Exercise objective ::
Send back the data below exactly. Drop every picture.

Supplied information ::
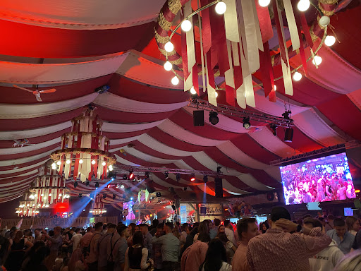Die Stimmung im Zelt war durchweg fantastisch – von der traditionellen Blasmusik bis hin zu den modernen Partyhits wurde für jeden Geschmack etwas geboten. Die Live-Band hat das Publikum immer wieder mitgerissen, und es war schwer, nicht selbst auf die Bänke zu steigen und mitzufeiern.
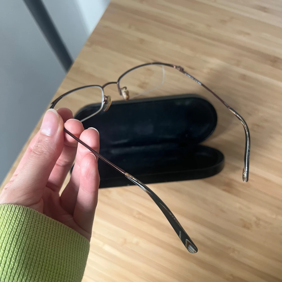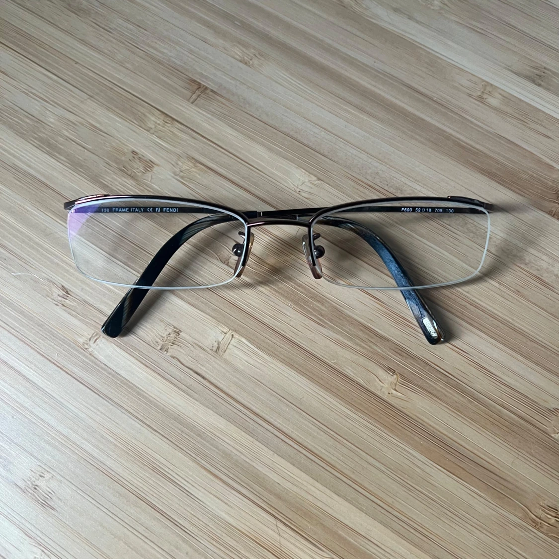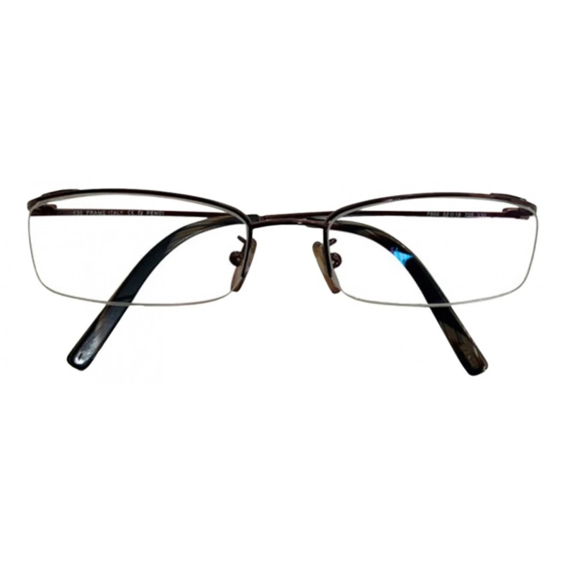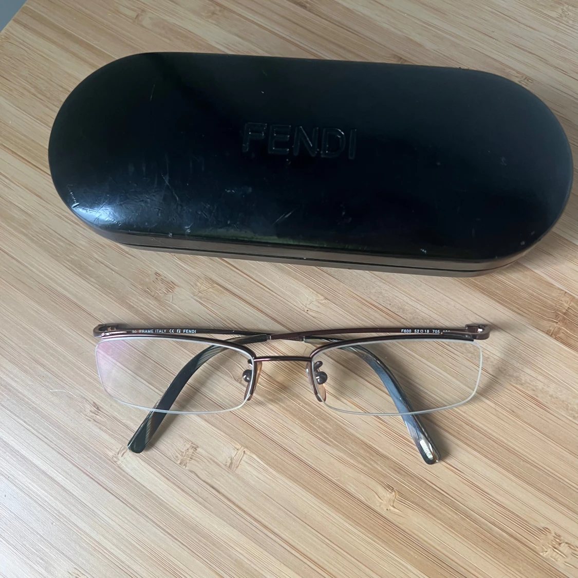 Stilrena vintage solglasögon från Fendi med tunn, rektangulär metallbåge i brun och silver. Halvram-design med näskuddar för extra komfort. Kommer med original svart fodral med Fendi-logga.
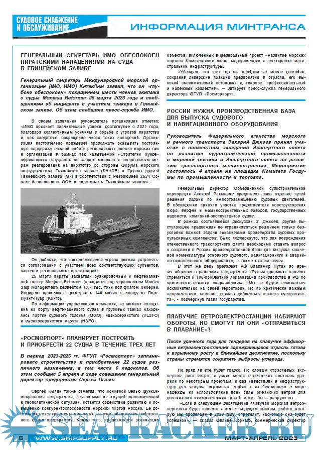 Описание: "Судовое снабжение и обслуживание" периодический информационный бюллетень, издается с 1999 года и в настоящее время по праву занимает одно из ведущих мест среди специализированных отраслевых печатных изданий.

Expected answer ::
Die Stimmung im Zelt war durchweg fantastisch – von der traditionellen Blasmusik bis hin zu den modernen Partyhits wurde für jeden Geschmack etwas geboten. Die Live-Band hat das Publikum immer wieder mitgerissen, und es war schwer, nicht selbst auf die Bänke zu steigen und mitzufeiern.
 Stilrena vintage solglasögon från Fendi med tunn, rektangulär metallbåge i brun och silver. Halvram-design med näskuddar för extra komfort. Kommer med original svart fodral med Fendi-logga.
 Описание: "Судовое снабжение и обслуживание" периодический информационный бюллетень, издается с 1999 года и в настоящее время по праву занимает одно из ведущих мест среди специализированных отраслевых печатных изданий.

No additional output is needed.